DATA TO EXAMINE:
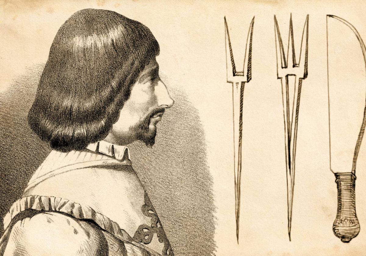 A diferencia del gañivete (que era de uso personal y solía ser acarreado en un estuche por los invitados), aquellos tenedores primigenios formaban parte del instrumental del cortador, al igual que los cinco cuchillos básicos que Villena recomendaba para trinchar y otros dos utensilios de aplicación muy específica: el perero, que era un soporte para mondar limpiamente membrillos, peras o manzanas, y el pungán, un instrumento de punta fina con el que se abrían las ostras y se comían los caracoles.
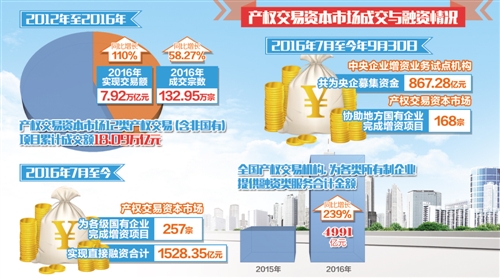 据中国产权协会统计,自《企业国有资产交易监督管理办法》实施至今,产权交易资本市场共为各级国有企业完成增资项目257宗,实现直接融资合计1528.35亿元。2016年,全国产权交易机构以股权融资、债务融资、股权质押融资、政府和社会资本合作(PPP)、金融租赁等多种形式,为各类所有制企业提供融资类服务合计金额4991亿元,与2015年度相比年增幅达239%。
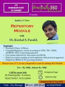India’s 1st Live Repertory Module By JK Homoeopathy Academy And Homeopathy 360Repertory Module by Dr Kushal S. Parekh Highlights•Duration 8 Days, 16 Hours. •Complete Repertory course...
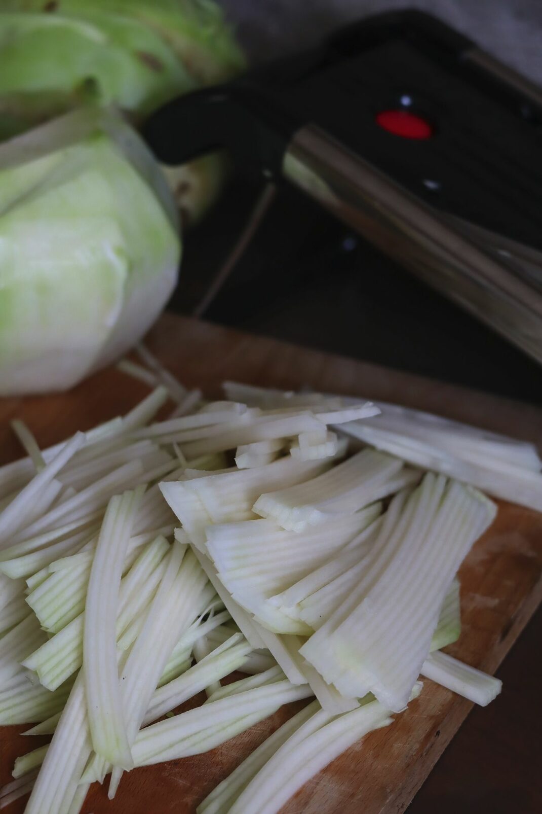 Tips: Köp en rejäl mandolin till stavar och skivor av kålrabbi
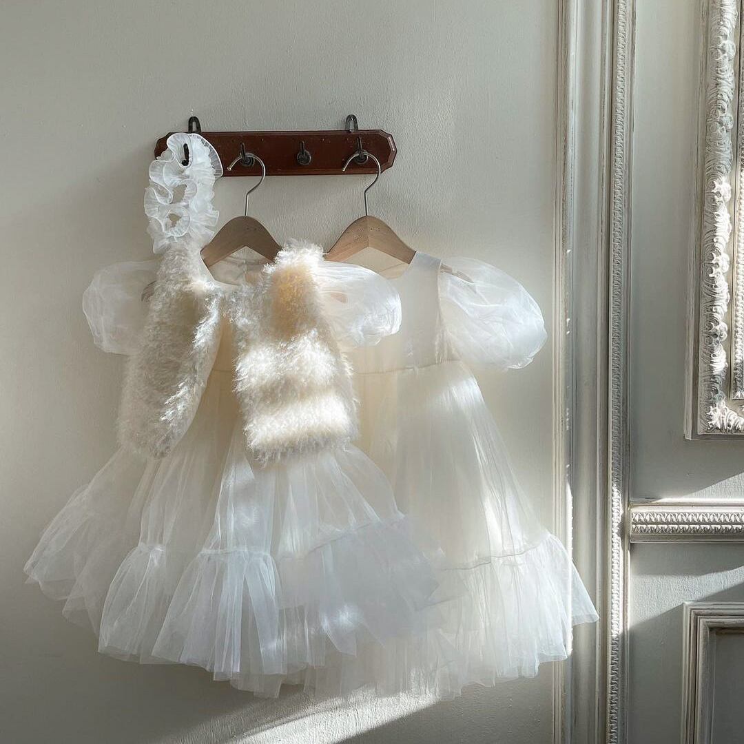 【海外からの取り寄せ】ins 夏新作 女の子 子供服 チュール ワンピース 森ガール 可愛い 半袖 パフスリーブ おしゃれ #[ckd1093932_21900]【送料込み】【250512】
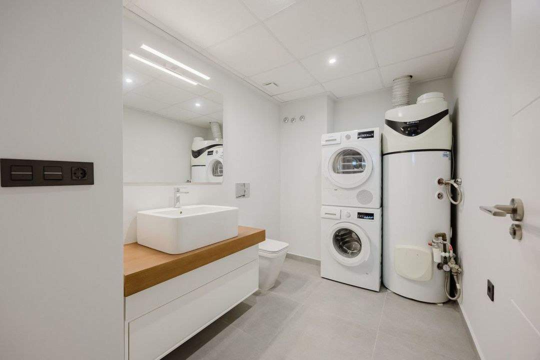 Guest WC + full laundry area (Siemens washing machine & Siemens dryer)

ACTIVITY: Copy each line of the records above exactly as written. Do not carry over any picture.

ANSWER BOX:
 A diferencia del gañivete (que era de uso personal y solía ser acarreado en un estuche por los invitados), aquellos tenedores primigenios formaban parte del instrumental del cortador, al igual que los cinco cuchillos básicos que Villena recomendaba para trinchar y otros dos utensilios de aplicación muy específica: el perero, que era un soporte para mondar limpiamente membrillos, peras o manzanas, y el pungán, un instrumento de punta fina con el que se abrían las ostras y se comían los caracoles.
 据中国产权协会统计,自《企业国有资产交易监督管理办法》实施至今,产权交易资本市场共为各级国有企业完成增资项目257宗,实现直接融资合计1528.35亿元。2016年,全国产权交易机构以股权融资、债务融资、股权质押融资、政府和社会资本合作(PPP)、金融租赁等多种形式,为各类所有制企业提供融资类服务合计金额4991亿元,与2015年度相比年增幅达239%。
India’s 1st Live Repertory Module By JK Homoeopathy Academy And Homeopathy 360Repertory Module by Dr Kushal S. Parekh Highlights•Duration 8 Days, 16 Hours. •Complete Repertory course...
 Tips: Köp en rejäl mandolin till stavar och skivor av kålrabbi
 【海外からの取り寄せ】ins 夏新作 女の子 子供服 チュール ワンピース 森ガール 可愛い 半袖 パフスリーブ おしゃれ #[ckd1093932_21900]【送料込み】【250512】
 Guest WC + full laundry area (Siemens washing machine & Siemens dryer)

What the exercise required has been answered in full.